From 1754 to 1779 he served as professor of divinity at the University of Edinburgh. The University granted him a doctorate (DD) in 1759. In both 1754 and 1760 he served as Moderator of the General Assembly of the Church of Scotland. He was also a Dean of the Thistle Chapel in St Giles Cathedral.

In 1785 he is listed in living in quarters at Old College.

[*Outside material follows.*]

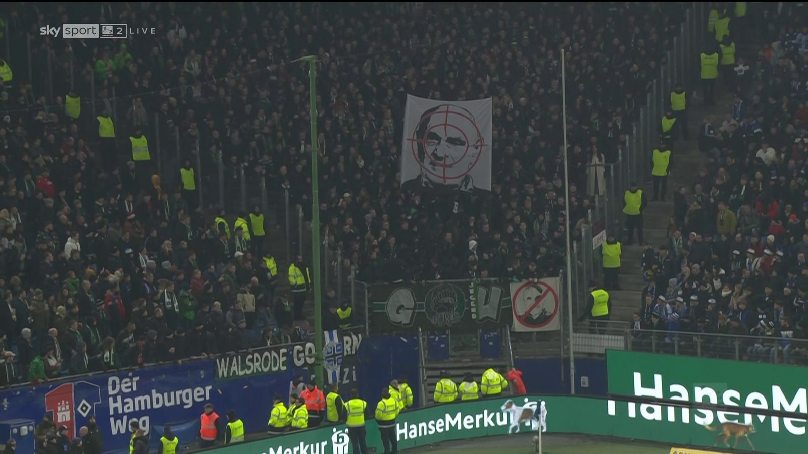ورفع المشجعون في نهاية المباراة لافتات تصور رئيس مجلس إدارة هانوفر مارتن كايند بين المرمى.

He died on 3 April 1787. He is buried in the small cemetery on Buccleuch Street in Edinburgh (built as a relief cemetery to St Cuthbert’s).

==Family==
He was the father to James Hamilton, the physician, and the uncle to Robert Hamilton, the economist.

In March 1745 he married Jean Hay (1714–1801) daughter of John Hay of Haystoun. Their daughter, Grizel Hamilton, married the eminent Edinburgh surgeon, Benjamin Bell. Their son Gavin Hamilton FRSE (1755–1829) was a surgeon who spent many years in India. A second son Robert Hamilton (1749–1835) was also a surgeon and was also present at the founding of the Royal Society of Edinburgh in 1783, and serving as President of the Royal College of Physicians of Edinburgh from 1792 to 1794.